Making sure to follow these steps will guarantee the quickest resolution possible.

Thanks!

Ark-kun commented 2 months ago

Code example no need

Can you please provide a code example? I think it would help me help you.

panla commented 2 months ago

@Ark-kun this is error of python-aiplatform, not user

https://github.com/googleapis/python-aiplatform/blob/v1.61.0/vertexai/generative_models/_generative_models.py

at line 1256

response_message = full_response.candidates[0].content

need check full_response.candidates is None or is []

Ark-kun commented 2 months ago

need check full_response.candidates is None or is [] We already do that. See line 1114 https://github.com/googleapis/python-aiplatform/blob/40fb5c4f2d03bc0ca7e17cf91b99148454ab3e11/vertexai/generative_models/_generative_models.py#L1114

This is why I'm asking to see your code.

P.S. It's likely your response is blocked by safety or something similar and the response has no candidates. In Python, when you try accessing items in an empty list, you get error.

panla commented 2 months ago

@Ark-kun

There is no special code. The console will also report an error. you input a video, such as 15 minutes, On the console or use code, then an error will occur,

If the value of the detection object has already been done, that's great, but now v1.63.0 still reports this error

When input a longer video, the first response, full_response.candidates is [], Therefore, if the candidates are not determined, will raise IndexError

It is stated in the model introduction that it can support one hour of video.

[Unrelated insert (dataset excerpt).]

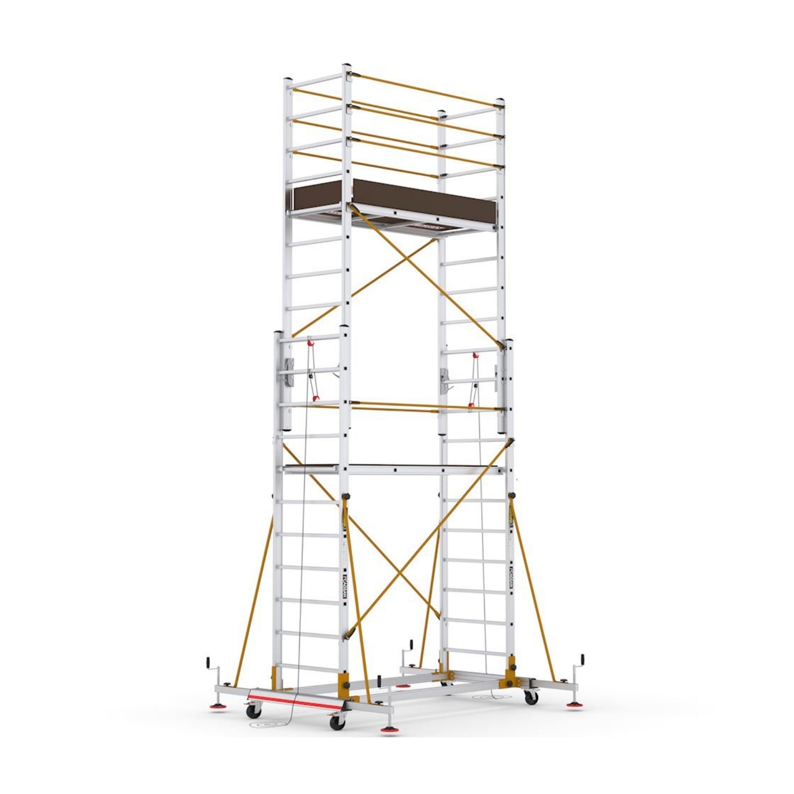 Das Telesafe XLN Gerüst bietet flexible Einsatzmöglichkeiten für Arbeiten in Höhen von 4.95 m bis zu 7.17 m. Dieses teleskopierbare XXL-Gerüst zeichnet sich durch eine robuste und trittsichere Arbeitsplattform von 60 x 155 cm mit integrierter Luke aus. Ausgestattet mit feststellbaren Rollen und einem Kippschutz, gewährleistet es maximale Sicherheit bei der Verwendung. Das aus hochwertigem Aluminium gefertigte Gerüst trägt bis zu 165 kg, erfüllt die Anforderungen der Norm EN 1004 und ist TÜV geprüft. Ideal für Bau-, Wartungs- und Renovierungsarbeiten, bietet es eine stabile und sichere Arbeitsumgebung.

But in reality, it did not reach

Ark-kun commented 2 months ago

Hello.

Can you please include the failing code that calls the content generation method? Can you also include the full stack trace?

Providing this information can help us help you.

panla commented 1 month ago
import asyncio
import base64
import traceback
from typing import Optional, List, AsyncIterable

from google.api_core.exceptions import InvalidArgument, PermissionDenied, InternalServerError, ServiceUnavailable
from vertexai.preview.generative_models import GenerationConfig, GenerativeModel
from vertexai.preview.generative_models import GenerationResponse, Candidate, Content, Part
from vertexai.preview.generative_models import ChatSession

from loguru import logger
from pydantic import BaseModel, Field

class FileConst:
    class Category:
        Image = ('image/png', 'image/jpeg')

        Audio = ('audio/mp3', 'audio/wav')

        Video = (
            'video/mov', 'video/mpeg', 'video/mp4', 'video/mpg', 'video/avi', 'video/wmv', 'video/mpegps', 'video/flv'
        )

class ContentParser(BaseModel):

    category: str = Field(..., description='text, image, video, audio')
    content: Optional[str] = Field(None)

    fileData: Optional[str] = Field(None, description='base64')
    mime: Optional[str] = Field(None)

    role: Optional[str] = Field('user')

class AIParser(BaseModel):

    contents: List[ContentParser] = Field(..., description='')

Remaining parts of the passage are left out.